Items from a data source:
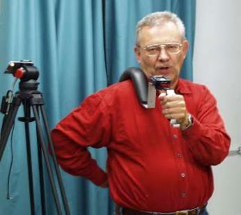 Ein praktisches Schulterstativ, wird am Hosengürtel im Rückenbereich für besseren Halt eingehakt (Marke Eigenbau)
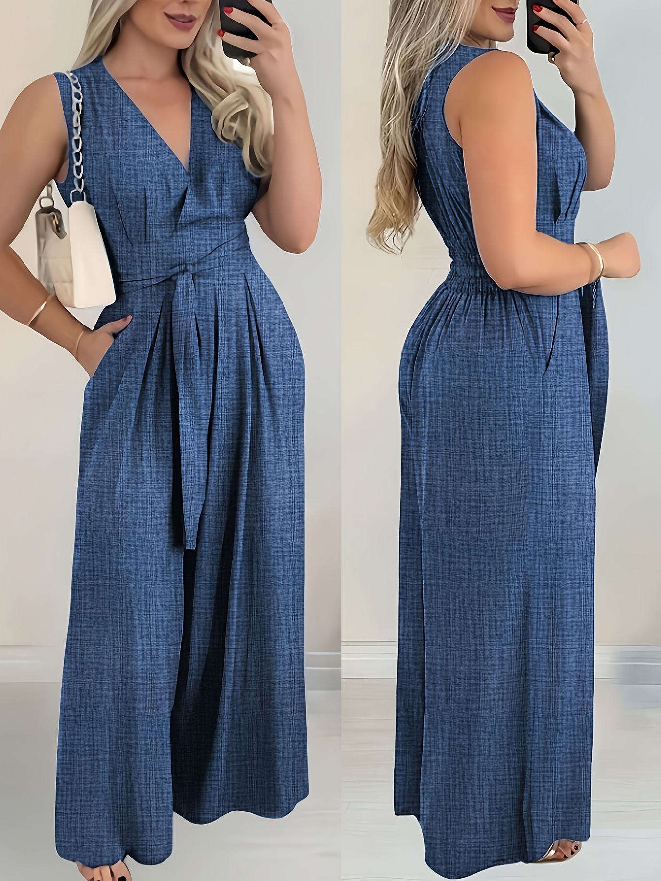 بدلة نسائية أنيقة بلون صلب مع رقبة متقاطعة وخصر عريض بدون خصر مع تفاصيل مطوية، مثالية للبالغين، الصيف، الأسلوب الأنيق، بدلة صلبة اللون
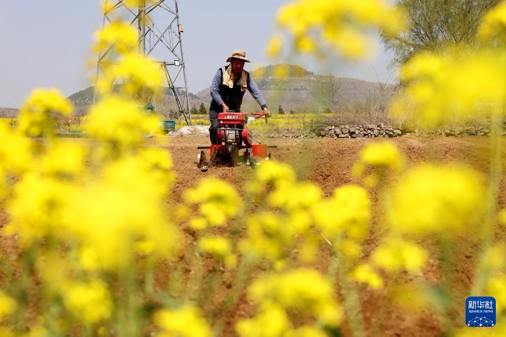 3月31日,山東省棗莊市齊村鎮(zhèn)喬屯村農(nóng)民在油菜花田間耕作。
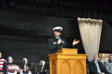 Lt. Col. Alex Cantu, Parkersburg South High School JROTC senior instructor and veteran, attended the annual Williamstown High School Veterans Day Assembly on Friday.
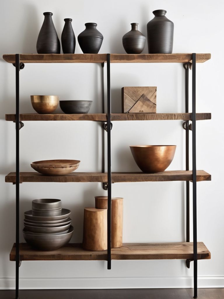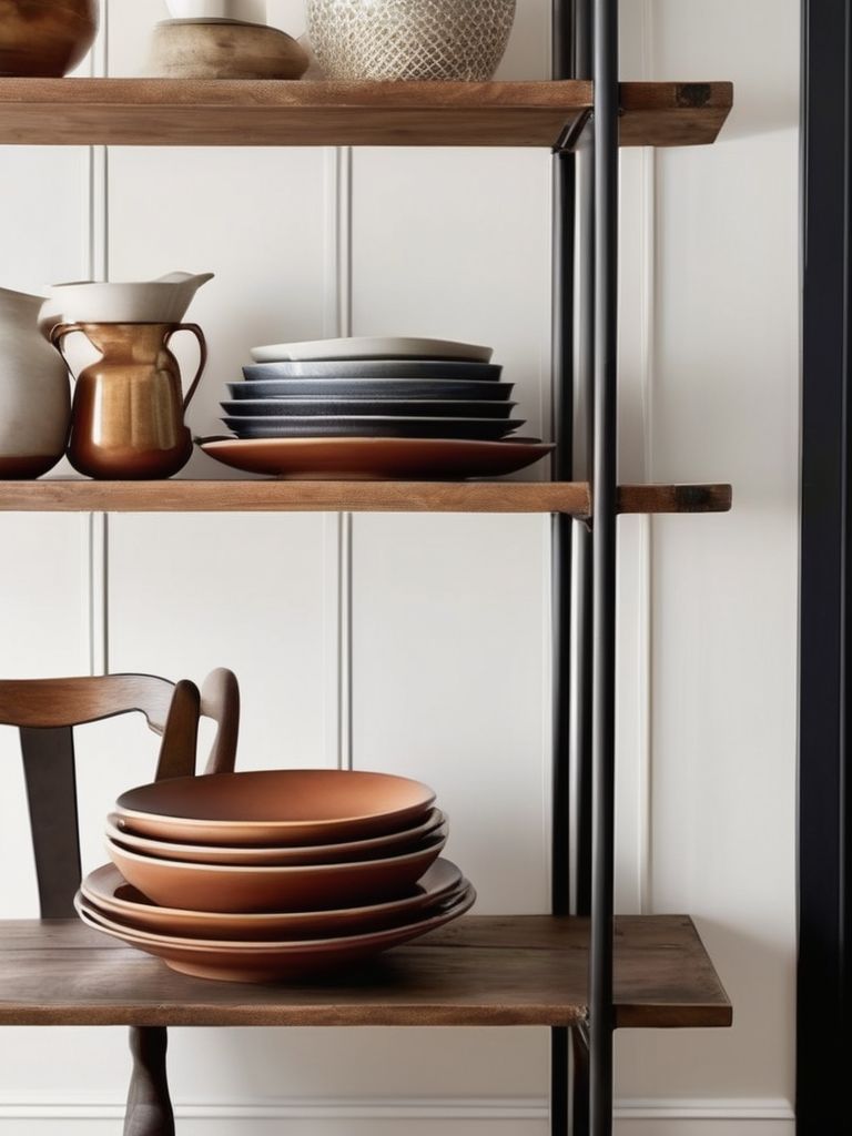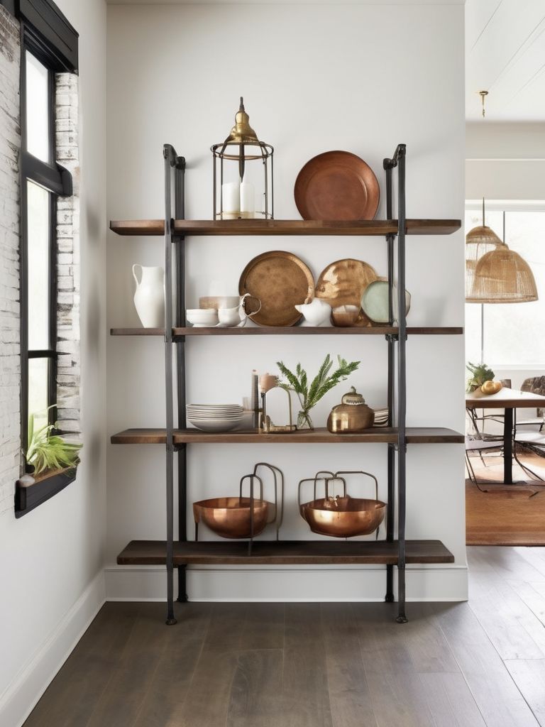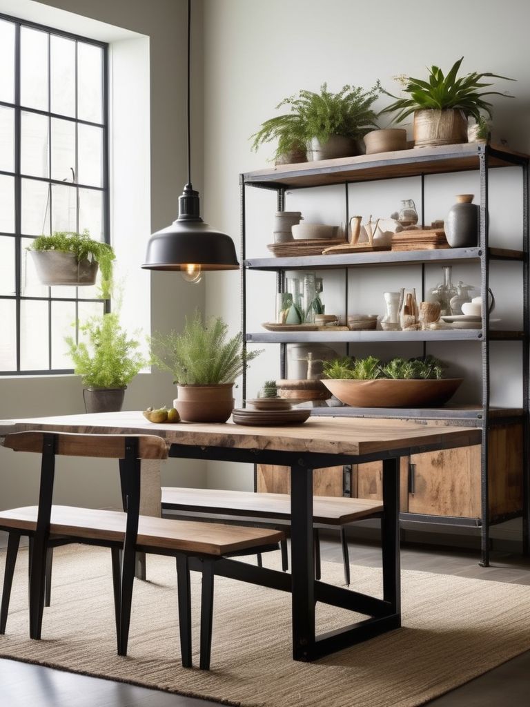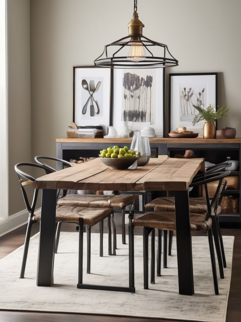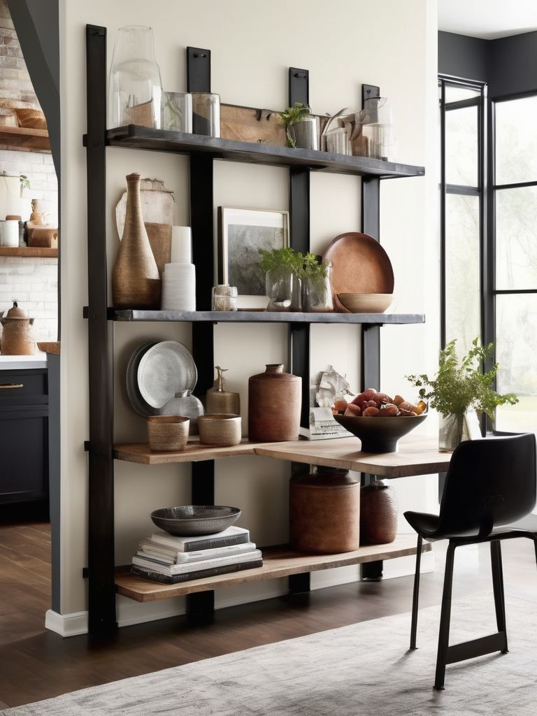 Eclectic wall art, Industrial shelving, Dining essentials, Mix of materials (metal, wood, glass), DecorDescription

→ **Task directions**: Would you copy every entry exactly as it stands, leaving out the pictures?

→ **Worked solution**:
 Ein praktisches Schulterstativ, wird am Hosengürtel im Rückenbereich für besseren Halt eingehakt (Marke Eigenbau)
 بدلة نسائية أنيقة بلون صلب مع رقبة متقاطعة وخصر عريض بدون خصر مع تفاصيل مطوية، مثالية للبالغين، الصيف، الأسلوب الأنيق، بدلة صلبة اللون
 3月31日,山東省棗莊市齊村鎮(zhèn)喬屯村農(nóng)民在油菜花田間耕作。
 Lt. Col. Alex Cantu, Parkersburg South High School JROTC senior instructor and veteran, attended the annual Williamstown High School Veterans Day Assembly on Friday.
 Eclectic wall art, Industrial shelving, Dining essentials, Mix of materials (metal, wood, glass), DecorDescription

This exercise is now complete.